The not-so-slow collapse of cable companies’ subscriber numbers due to cord-cutting is no secret. At its peak in 2010, the US had around 105 million pay-TV households. A report in March from Leichtman Research Group tracking the biggest cable, satellite, and fiber pay-tv companies in the US saw their subscriber counts fall by about 5.5 million in 2021 following a loss of 5.78 million in 2020, leaving their numbers for the start of 2022 at around 68.1 million.
However, he continued on, “At the same time, we’re very conscious of our ability to go more aggressively into the DTC [direct-to-consumer, aka streaming] area of ESPN, so what we’re doing is sort of putting one foot on the dock, if you will, and one foot on the boat right now.”
“But what we know is at some point when it’s going to be good for our shareholders, we’ll be able to fully go into an ESPN DTC offering, the way that you describe, and we fully believe that there is a business model there for us that’s going to enable us to regain growth on ESPN Plus in a full DTC expression.”
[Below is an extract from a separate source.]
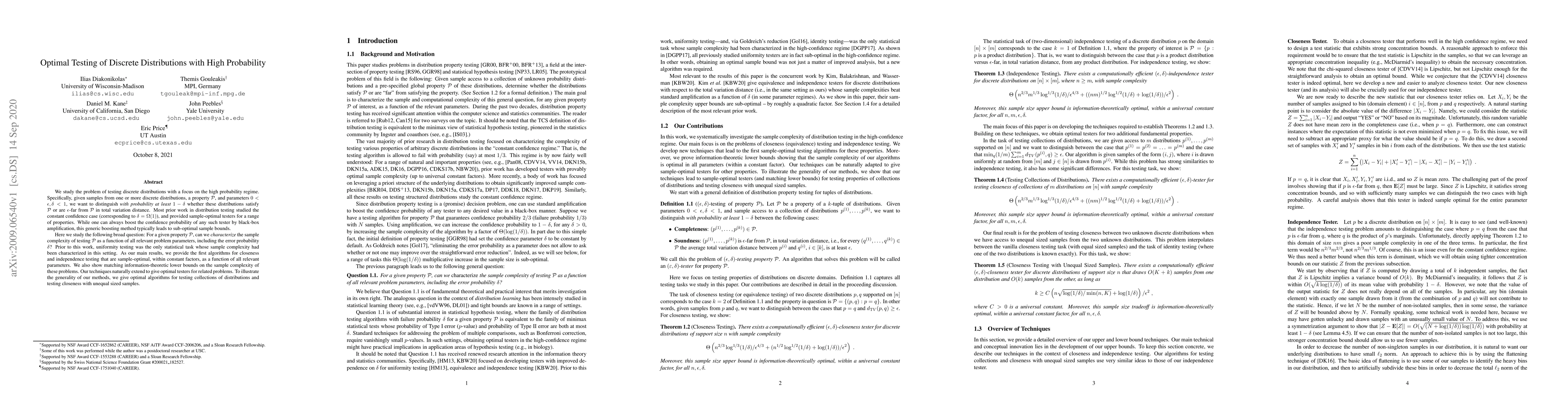 This paper presents optimal algorithms for testing properties of discrete distributions with high probability, achieving sample complexity that is characterized as a function of error probabilities and other relevant parameters. It provides sample-optimal testers for closeness and independence testing, supported by matching information-theoretic lower bounds.
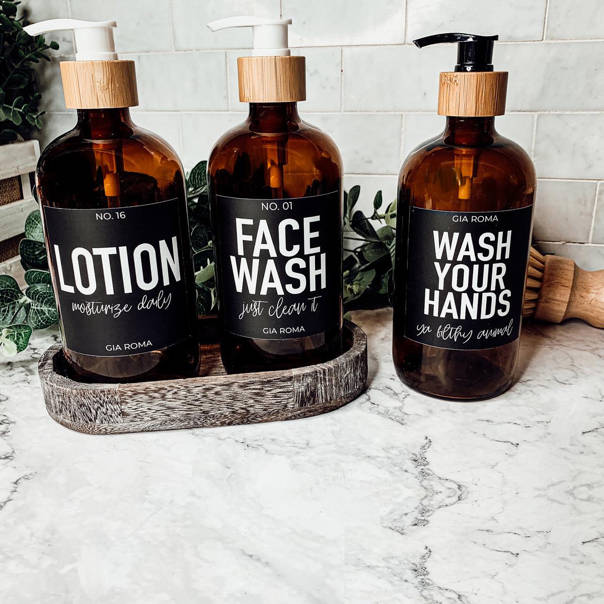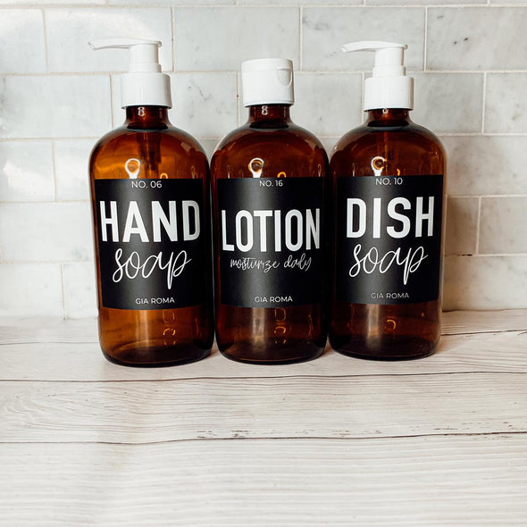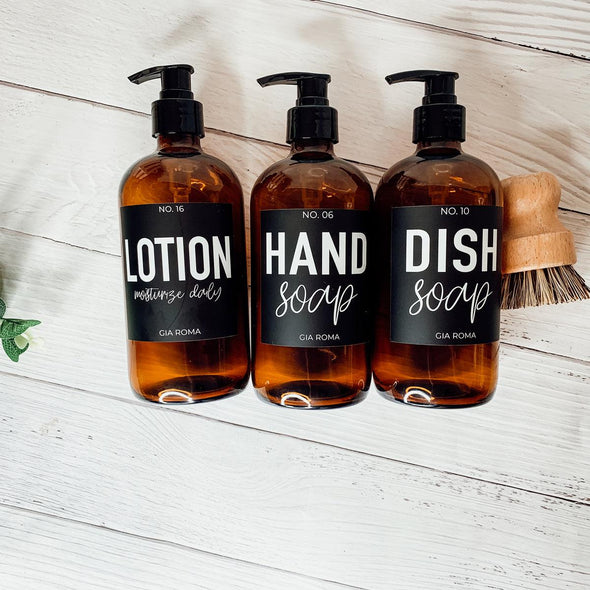 Spruce up your bathroom or kitchen countertop with these Glass Refill Bottles! Help save money and the planet by using refill bottles and add a touch of style to your home while doing it!

This is a balance that Disney has done plenty to upset already by shifting its focus away from cable channels with the launch of Disney Plus, and similar to the one that Warner is navigating with HBO and HBO Max. Traditional pay-TV setups (including online streaming like Disney offers via Hulu with Live TV) still have too much impact on Disney’s bottom line for Disney to bypass them and launch the full ESPN experience as its own streaming subscription as it has been for many years, but the point where that will change is close enough that Chapek is comfortable openly entertaining the possibilities.